[Dataset records]
* * * * * * *

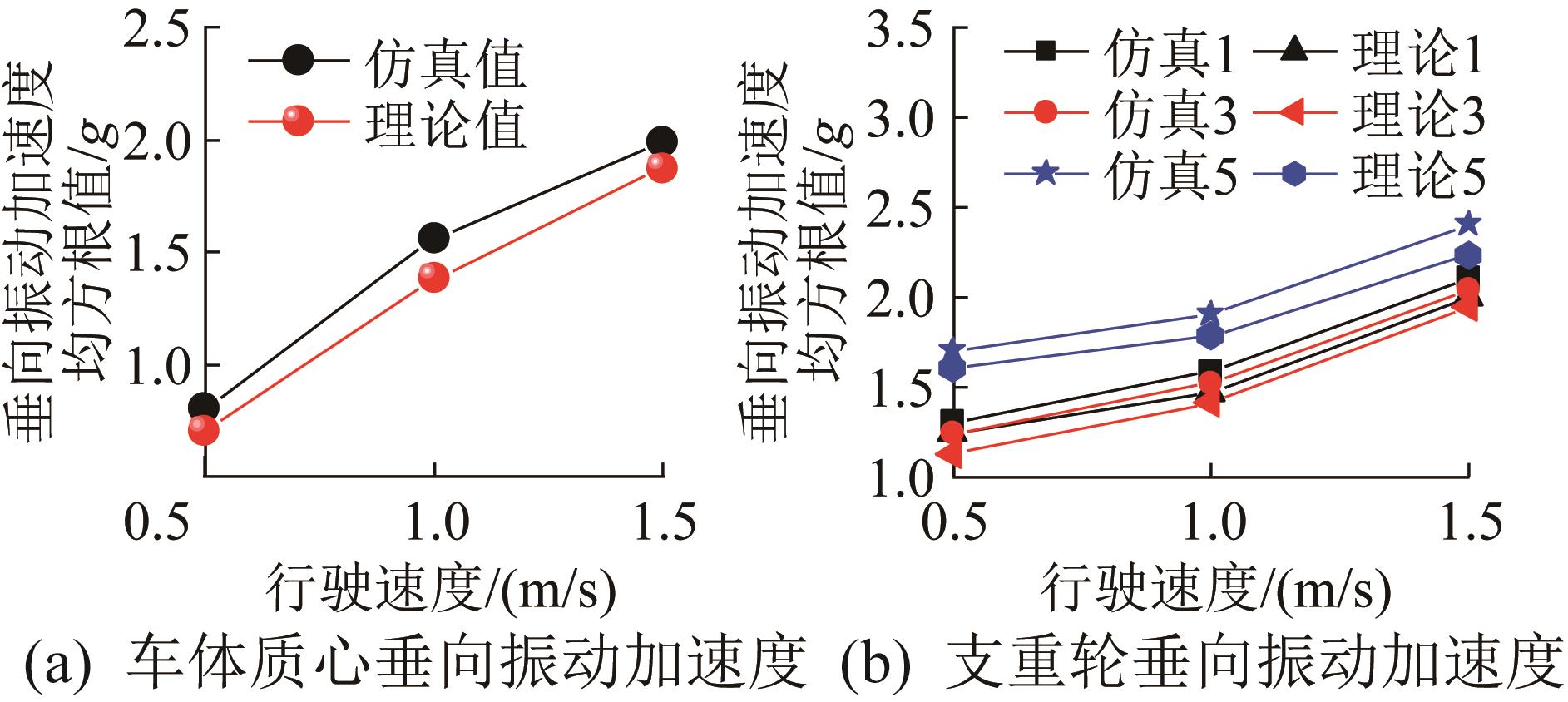 | 图8 行驶速度对履带机器人车体及支重轮垂向振动的影响 |
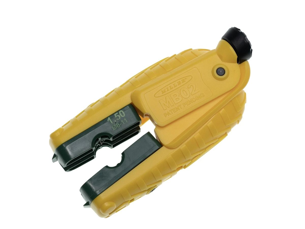 De MB02 van Ripley Miller is een universele stripper met een handzame behuizing waar je verschillende geleiders in kunt plaatsen naar eigen behoefte. Standaard worden de geleiders meegeleverd voor kabels van 8-11 mm.
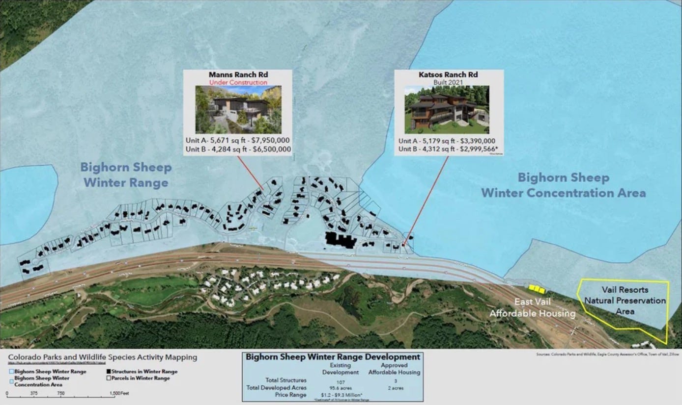 First, there’s the question of whether the town was truly being “fair” about this development. Multi-million dollar single-family homes have no issue getting approved without controversy in the adjacent East Vail neighborhood, despite also intersecting with sheep habitat. Notably, although the review and recommendations were made in 2019, the town of Vail has not implemented said guidelines and regulations for the tract of luxury housing.
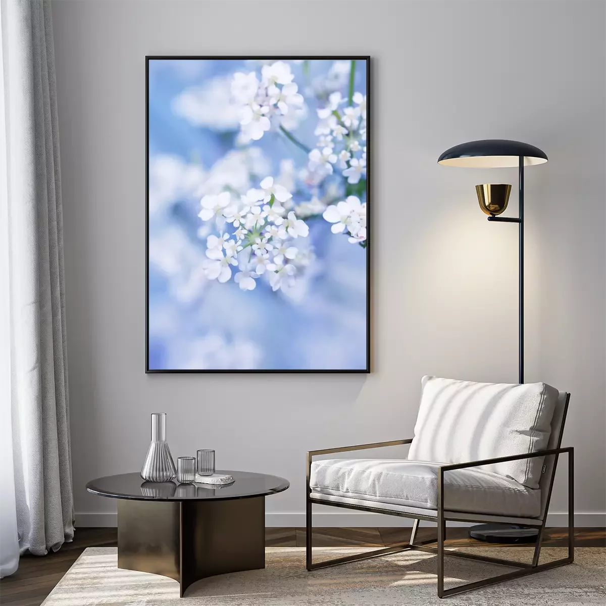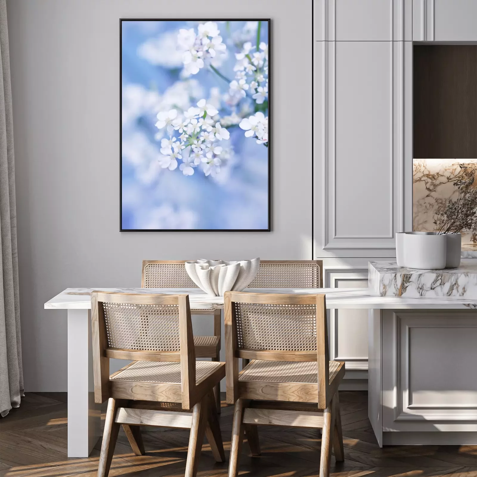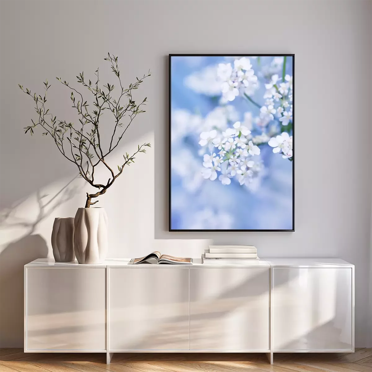Poster: Weiße Frühlingsblumen auf einem unscharfen Hintergrund
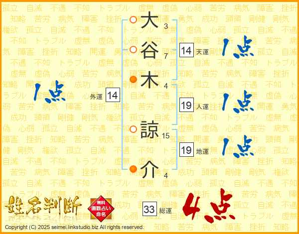 大(3画)谷(7画)木(4画) 諒(15画)介(4画)
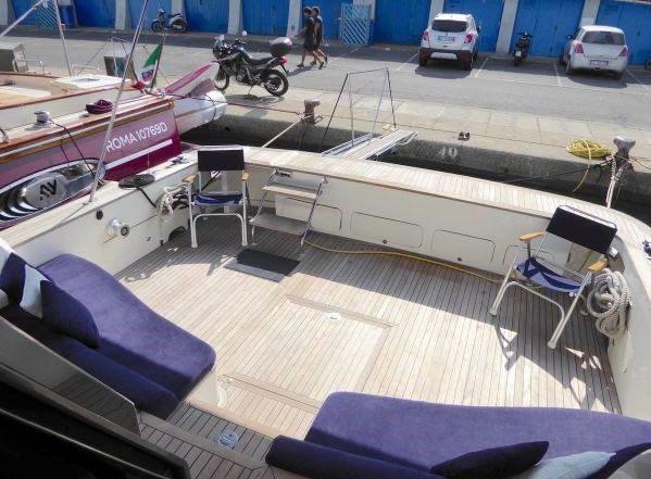 Works 2019/2020: battery change - rubberization of the deck - renovation of the teak deck of the flying and aft bridge - overhaul of the bow thruster with replacement of the dedicated batteries - landing of the generator for extraordinary overhaul - installation of the second fan coil in the saloon.
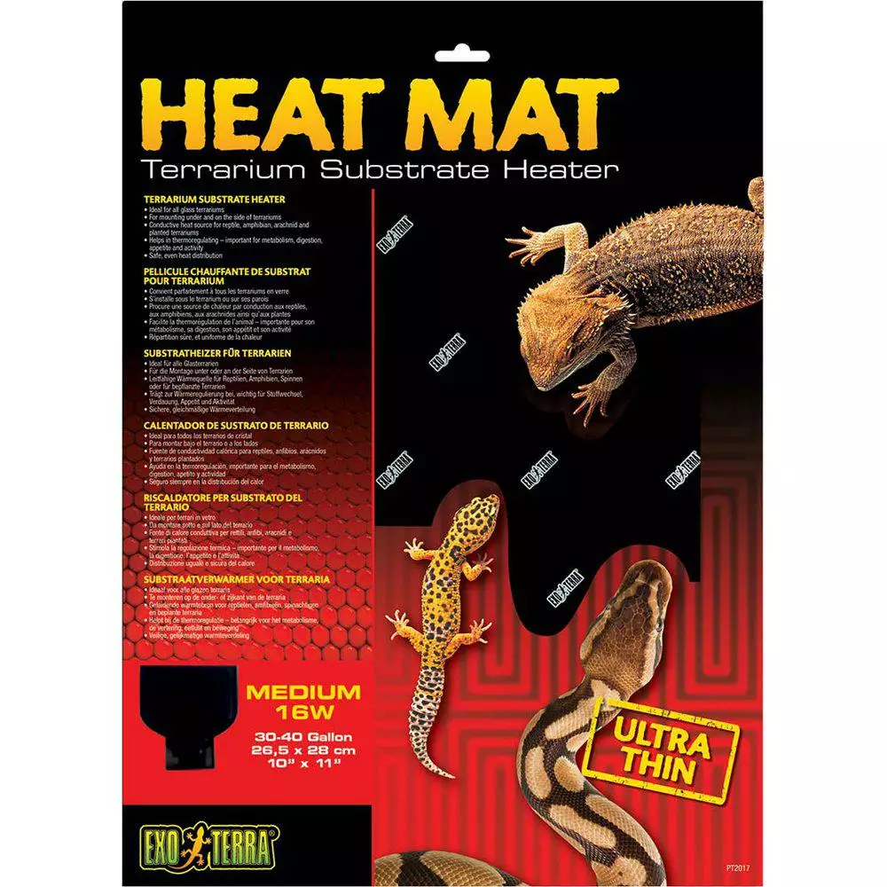 Terraarion ulkopuolelle asetettava lämpömatto. Matto on teholtaan 16w ja kooltaan 26,5x28cm
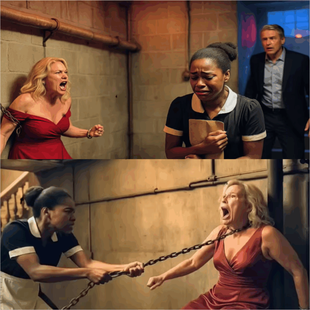 Naomi Williams, a young Black woman working as a maid, stood in the basement, her hands trembling around a cold iron chain. Across from her, Victoria Hail, the billionaire’s wife, struggled desperately, the chain coiled around her neck.
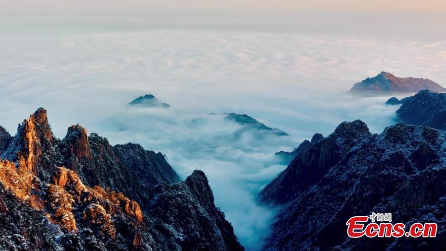 Landscape of snow-covered Huangshan Mountain surrounded by a sea of clouds in east China's Anhui Province, Dec. 8, 2024. (Photo provided to China News Service)
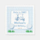 Loch in einem Golf-Thema 1. Geburtstag Party mit Monogramm bedruckte Servietten, pastellblaue Gingham handrawn Sketch Golf Golfbälle Geburtstagsparty personalisierte Servietten, Golf Geburtstag personalisierte Tischdekoration, Jungen 1. Geburtstag Party Dekoration, erste Geburtstagsparty gedruckte Geschirr
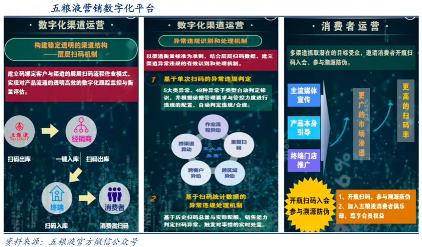 經典案例:據五糧液官方公眾號及華創證券等綜合資訊表明,其于2017年與 IBM 建立深度合作,建立起了積分掃碼系統,幫助公司掌握打款下單、倉儲物流和銷售等重要營銷節點的數據。2019 年進一步構筑全渠道互聯網、大數據營銷決策平臺,并于2019 年 6 月上線“消費者俱樂部”微信終端,提供會員增值服務、加強消費者互動,以消費者運營引導數字化渠道運營,建立良好的數字營銷管理前后臺聯動機制。
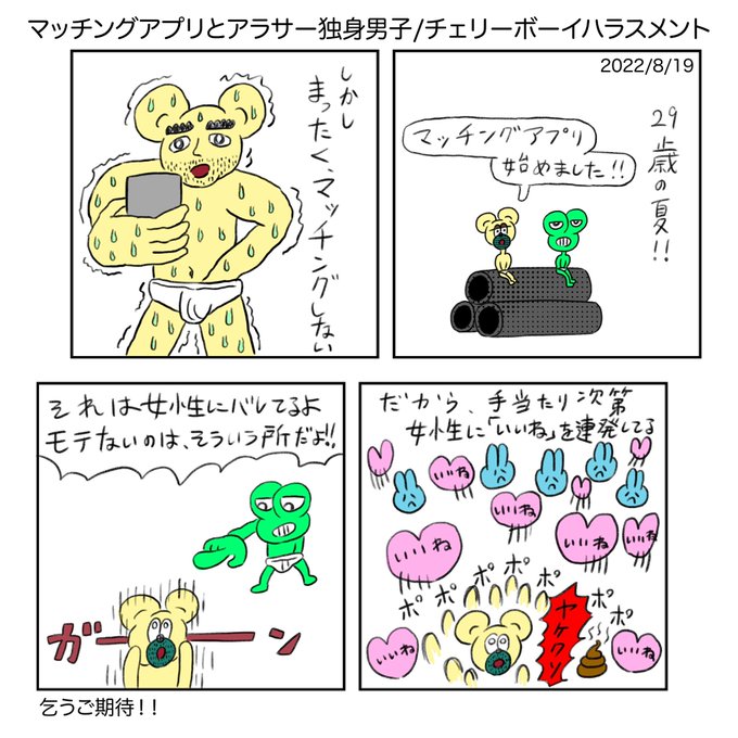 1 1 マッチングアプリの「いいね」について。 【パイプパークのチェリーボーイハラスメント】 #漫画が読めるハッシュタグ #マッチングアプリ twitter.com/retaro2020/s… 22/08/21 21:58
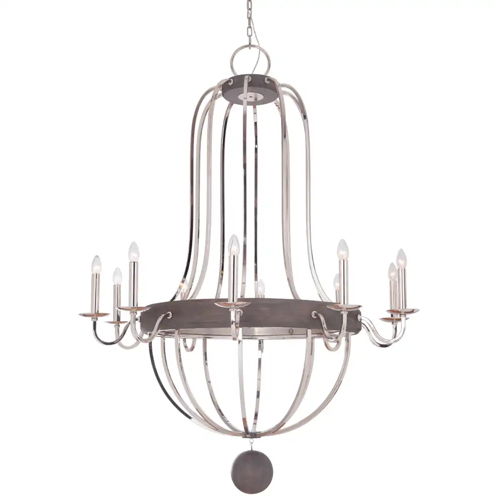 The Arden 10-Light Chandelier showcases the perfect balance between modern sophistication and organic warmth. Expertly handcrafted, this statement fixture combines a high-strength metal frame in a Polished Nickel finish with authentic weathered ash wood accents, creating a timeless yet contemporary aesthetic.

* * * * * * *

» **TASK GOAL**:
Reproduce, word for word, only the lines in the records above from the line with "De MB02 van" through the line with "大(3画)谷(7画)木(4画) 諒(15画)介(4画)", including both ends; omit the pictures.

» **WRITTEN REPLY**:
 De MB02 van Ripley Miller is een universele stripper met een handzame behuizing waar je verschillende geleiders in kunt plaatsen naar eigen behoefte. Standaard worden de geleiders meegeleverd voor kabels van 8-11 mm.
 First, there’s the question of whether the town was truly being “fair” about this development. Multi-million dollar single-family homes have no issue getting approved without controversy in the adjacent East Vail neighborhood, despite also intersecting with sheep habitat. Notably, although the review and recommendations were made in 2019, the town of Vail has not implemented said guidelines and regulations for the tract of luxury housing.
Poster: Weiße Frühlingsblumen auf einem unscharfen Hintergrund
 大(3画)谷(7画)木(4画) 諒(15画)介(4画)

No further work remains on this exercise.